With partnership, "everything is on the table for discussionÑfrom staffing to the budget," says Moore.
"It is empowering. It has given members a voice," Geroux points out.
Still, management and labor do bump heads on occasion.
"Traditionally, power has been with management, but we are changing that culture; and there are some managers who don't want to relinquish control or share the power," says Geroux.
There also has been resistance to funding union activity. For example, the unions are forming steward councils at their facilities to share information about partnership activities and identify union activists to get involved in the joint effort.
"The biggest learning curve is getting management to see the connection between our work and their business. Some in management don't understand why the company should pay for union activity," Geroux explains. "Unions have to have some way to communicate with each other. It is a must for us at this point in the partnership."
The connection between each of the unions within the coalition has been much easier to create, although it requires a lot of maintenance and the ability to quell tensions, says Geroux.
By sharing power, we can save money and increase the quality of care at the same time, says Jeff Harris, an ICU nurse and president of the nurse bargaining unit at Kaiser Sunnyside.

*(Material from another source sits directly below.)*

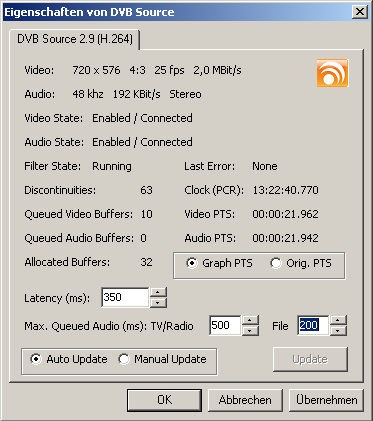 Moses Posted December 25, 2007 Posted December 25, 2007 Discontinuties 63 ist schonmal ein schlechtes Zeichen. Geht das hoch? Das ist entweder ein Empfangsproblem oder irgendwas im Treiber... der Stream ist schon kaputt, bevor der DVBViewer ihn bekommt. Quote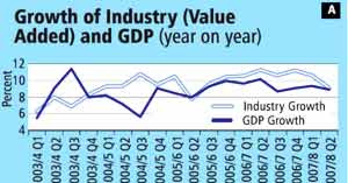 In 2007-08 Q2 the annual rate of industrial value added growth dropped below 10 per cent for the first time in seven quarters. More disconcerting is the steeper decline in the 3-month moving average of growth in the industrial production, down to 8 per cent in October 2007 from the above-12 per cent heights it held for several months.

That is what the partnership is about, says Geroux. Staffing agencies may pay their workers more, but healthcare workers in the partnership see that it provides the whole package: good wages, a voice at work and ever-improving working conditions, she says.
It's clear that the partnership's efforts are working at Kaiser Sunnyside. In the last three years, the RN vacancy rate has been clearly cut in half. In March 2001, the rate was 8.7 percent. By March 2003, the rate dropped to 4.9 percent.
The standards at Kaiser are miles ahead of community standards, says Moore. "A year from now, Kaiser Sunnyside will be the best hospital in the Kaiser partnership."
"OFNHP has been organized for 25 years, and we're more engaged in union work than ever. The dream is to change the environment and to have a voice," says Geroux.
At Kaiser Sunnyside, many union members believe that the labor-management partnership just might be the closest thing to a dream come true.